Increasing Antibiotic Resistance
According to the Centers for Disease Control & Prevention (CDC), nearly 2 million people in the United States acquire bacterial infections during their hospital stay annually, and over 70% of the bacteria that cause these infections are resistant to at least one of the drugs normally used to treat them.1 These drug-resistant bacteria include not only well-known offenders such as methicillin-resistant Staphylococcus aureus (MRSA) and Pseudomonas aeruginosa, but also strains of Klebsiella pneumoniae that have developed resistance to all available beta-lactams.2 For some organisms, clinicians have been forced to turn to polymyxins, an older class of antibiotics that was previously abandoned, in lieu of the “safer” aminoglycosides.3
Resistance in the community setting is just as concerning. In one national cohort, community-associated MRSA was the most common identified cause of skin infections among patients who visited emergency rooms.4 Common pathogens seen in the community setting such as Escherichia coli and Neisseria gonorrhoeae have become resistant to fluoroquinolones, agents that were considered first-line therapies for infections caused by these pathogens in the past.5,6
Possibly more unsettling than the increase in antibiotic resistance is the decrease in antibiotic research and development. As of 2009, no new classes of antibiotics were in late-stage development, and only 16 antibiotics are in late-stage development at all.2 Not all of these 16 agents will be approved, as evidenced by the fact that of the six that have undergone FDA review, only two were approved (telavancin and ceftaroline). The oxazolidinones (linezolid) in 2000 and the lipopeptides (daptomycin) in 2003 were the only novel systemic antibiotic classes developed since 1968.7
There are many reasons for the lack of antibiotic development. Antibiotics are typically only taken for days at a time, which does not guarantee substantial profit for drug companies. When antibiotics are approved, the natural inclination of many practitioners is to reserve them for more resistant or serious infections, which ironically compounds the economic disincentive for further antibiotic development. Additionally, clinical trials for antibiotics are not easily conducted. As antibiotics must be given acutely for most infections, prior antimicrobial use significantly confounds any measurable benefit. Also, since multiple organisms can cause most infections, companies seeking approval for candidate antibiotics often must include other antibiotics in combination with the candidate drug in clinical trials, which may contribute to the therapeutic effect and make the effect of the candidate antibiotic difficult to measure. The difficulty in finding patients with infections caused by microorganisms of interest is another concern. This issue was recently demonstrated by a trial of linezolid (Zyvox-Pfizer, Inc.) in MRSA pneumonia, where ~1,200 patients were enrolled and treated to find ~400 that were eligible, and the number of patients screened was likely even higher.8 Antibiotics must be studied for each infection in which they are indicated, which presents the issue of small sample sizes since infections are not typically chronic or nearly as widespread as diseases such as hypertension.
Investigating clinical utility in the treatment of resistant bacteria is even more difficult to study.

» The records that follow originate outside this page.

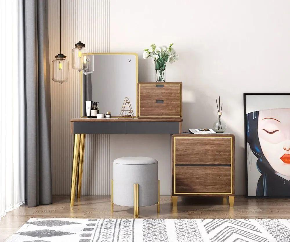女為悅己者容的時代已經過去了,現在女生化妝更多的是為了讓自己心情好。將梳妝臺與床頭柜合二為一,可謂是強強聯合。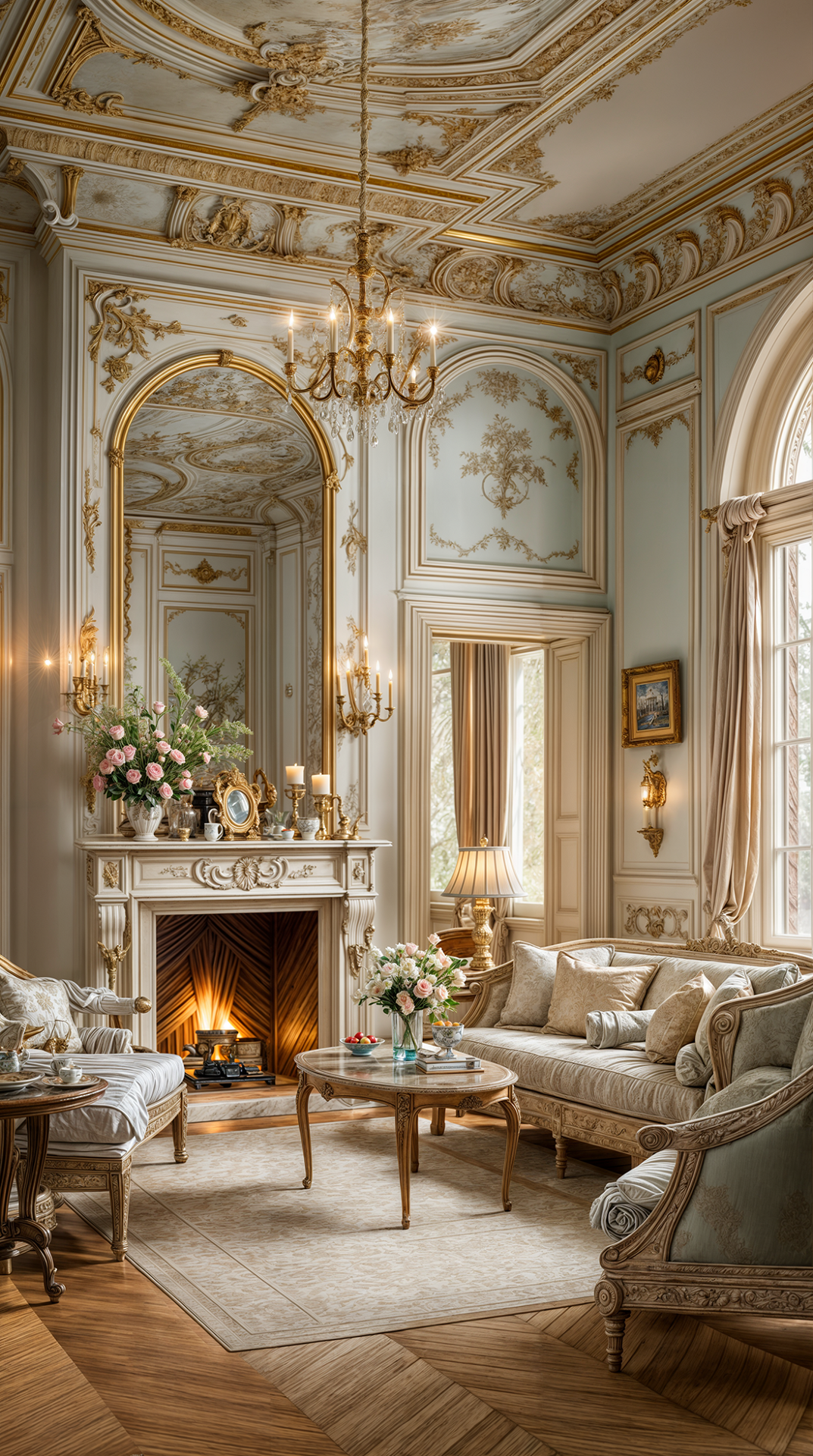 ДЕКОР: одним из главных элементов является камин с рельефным орнаментом. Так как рококо - женский стиль, приветствуется обилие статуэток, вазочек, шкатулок и зеркал. Все элементы стремятся к ажурности и изящности.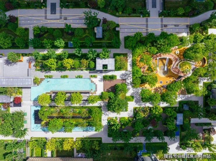 从空中俯瞰,小区11栋住宅采用围合式布局,南北楼最大间距约80米,留出了更多公共空间。从房间望出去,郁郁葱葱的阳光空间呈现在眼前,仿佛在公园、度假区。
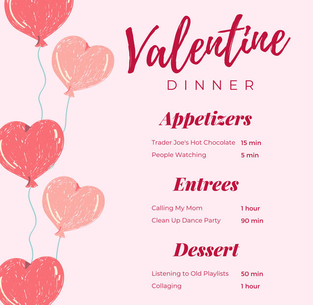 INSTRUCTIONS: Sit down and make a list of things, events, people, etc. that have been making you warm lately. Try and make it range in energy level (ex. lying on the floor and listening to Lorde vs hiking around Joshua Tree)Once you've gathered this list, separate the points into three sections: appetizer, entree, and dessert. Feel free to add a bevy section accordingly.The appetizer section is for low energy/low commitment joys. These are great pick-me-ups. Entree joys are more committed but deeply fulfilling. You may have to set aside time to engage with these joys or prep beforehand. Dessert joys are saccharine "guilty pleasures" that you set aside as a treat. They may be big or small but work best in small doses.Next time you're feeling down or just need to halt, look through your snacks that spark joy and feed your soul.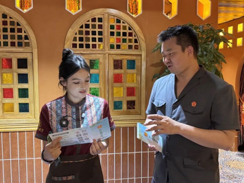 在民族特色餐厅内,“法治+民俗”互动盛宴拉开帷幕。法院干警与少数民族舞者围坐一堂,共同学习党的二十届三中全会精神要点和《民法典》实用条款等内容,通过互动问答、案例解析等形式,让法律知识“活”起来。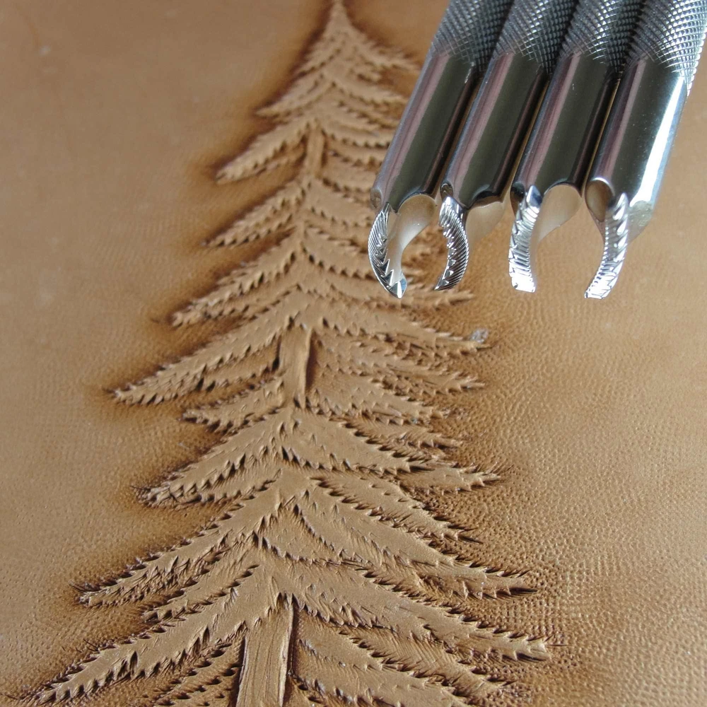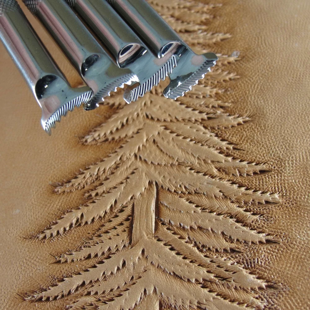 This is a 4-Piece Pine Tree Pictorial Stamp Set. It is a great stamp set that produces great impressions. These tools were designed to match the original F913L, F913R, F914L and F914R stamps. The impressions measure about 3/8" in length and 1/8" in width. If you want to make your work have a look of quality, this would be a great stamp set to add to your collection. Barry King Tools have gained a reputation for making quality tools for the serious leather craftsman. Barry is a master leather stamper, so he knows how a tool should be made and you can see that in each of his tools. Using only stainless steel in the making of these tools, you will see the precision grinding in every impression you make. If you have been wanting to take your leather carving to the next level, investing in stamps made by Barry King is a great first step.

Enrolling patients in studies of new antibiotics who have organisms that are resistant to active controls is not ethical. This presents a true concern, since it is these resistant strains that require new options. New types of studies for alternative drug approval may be needed to increase the availability of antibiotics for these infections.
Society Undervalues Antibiotics
In the 21st century, most people lack the historic perspective of what society was like before antibiotics became widely available. Antibiotics transformed medicine, yet in an era where the majority of bacterial infections are routinely treatable this is easily forgotten. Infections that are easily treated today were frequently lethal in the pre-antibiotic era. A review of historically controlled studies of early antibiotics showed a decline in mortality from community-associated pneumonia (CAP) from 38% to 12% due to antibiotic use, corresponding to a number needed to treat to save one life of four.9 Even young, otherwise healthy patients had mortality rates from CAP of 10% in the pre-antibiotic era, much higher than the <1% with antibiotics.9 Penicillin reduced the mortality rate from cellulitis from 11% to <1%.10 These common infections were feared in the pre-antibiotic era but are now routinely treated.
“You didn't pay for the germs. Why pay for the antibiotics?” This is one of the tag lines used to promote free antibiotic programs found at various pharmacies that allow patients to receive generic antibiotics for free. In a time of economic instability, the notion of pharmacies extending generosity towards customers by giving away medicine seems refreshing. However, it may contribute to the undervaluing of antibiotics by society. By making antibiotics available to patients for free, their perceived value may be lessened.
Since antibiotics are highly effective at curing many once-lethal diseases, the economic value of antibiotics is difficult to measure. In oncology, a drug that prolongs life by several months is considered a success and is likely to become a standard of care, probably at a substantial cost. A successful antibiotic cures infection and prolongs life indefinitely, but the price that payers are willing to pay is substantially lower. Per-unit costs with newly approved antibiotics may be higher than in other disease states but may be justified by the short courses of therapy that most infections require. For example, a patient with sinusitis may take an antibiotic for 5 to 10 days, but the same patient may take a cholesterol-lowering agent or antihypertensive drug for the rest of his or her life. These economic disincentives prevent further antibiotic development.
The Pharmacist's Role
The pharmacist's role in combating and preventing infectious diseases is essential as antibiotic and vaccine regimens become more complex due to the continuously evolving epidemiology of infections. The decrease in drug development makes the preservation of currently available antibiotics paramount, highlighting the roles that pharmacists play in maximizing the utility of available drugs. While further training in infectious diseases may be necessary for some pharmacist roles in preventing antibiotic resistance, many others exist that all pharmacists can embrace.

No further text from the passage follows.